*** Opening Data provided ***

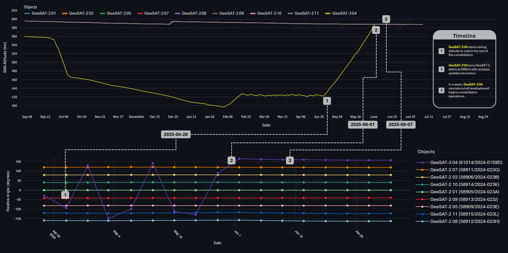 The composite graphic above shows the timeline of in-plane maneuvers executed by GeeSAT-3 04. Time-mark [1] indicates when operators began raising altitude with an almost daily thrusting schedule to reach approximately 587km. Mark [2] represents the final major burn, ending the satellite's 10-month journey. Within a week at mark [3], following calibrated argument of perigee phasing burns, GeeSAT-3 04 became the ninth operational member of the GeeSAT-2 plane, giving GeeSpace a set of 27 satellites ready to offer early operations for its parent company Geely's automotive services.
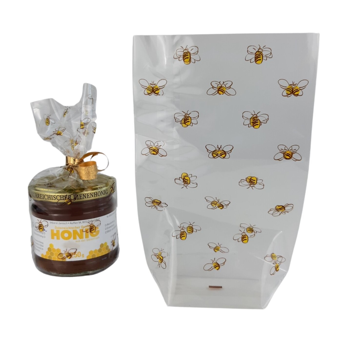 100 Stück Packung. Größe: ca. 190 x 115 mm. Für kleine Aufmerksamkeiten, z.B. ein 250 g Honigglas (nicht im Lieferumfang!).
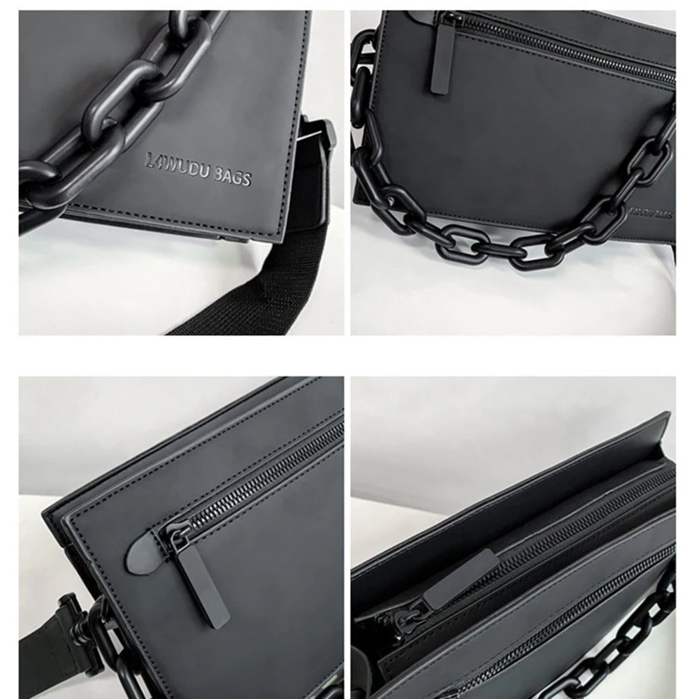 Solid Chest Shoulder Bags PU Leather Chain Waist Bags Horizontal Square Bags

*** Closing Data provided ***

• [Exercise objective] Give all the lines above again, character for character, without pictures.

• [Response to this task]
 The composite graphic above shows the timeline of in-plane maneuvers executed by GeeSAT-3 04. Time-mark [1] indicates when operators began raising altitude with an almost daily thrusting schedule to reach approximately 587km. Mark [2] represents the final major burn, ending the satellite's 10-month journey. Within a week at mark [3], following calibrated argument of perigee phasing burns, GeeSAT-3 04 became the ninth operational member of the GeeSAT-2 plane, giving GeeSpace a set of 27 satellites ready to offer early operations for its parent company Geely's automotive services.
 100 Stück Packung. Größe: ca. 190 x 115 mm. Für kleine Aufmerksamkeiten, z.B. ein 250 g Honigglas (nicht im Lieferumfang!).
 Solid Chest Shoulder Bags PU Leather Chain Waist Bags Horizontal Square Bags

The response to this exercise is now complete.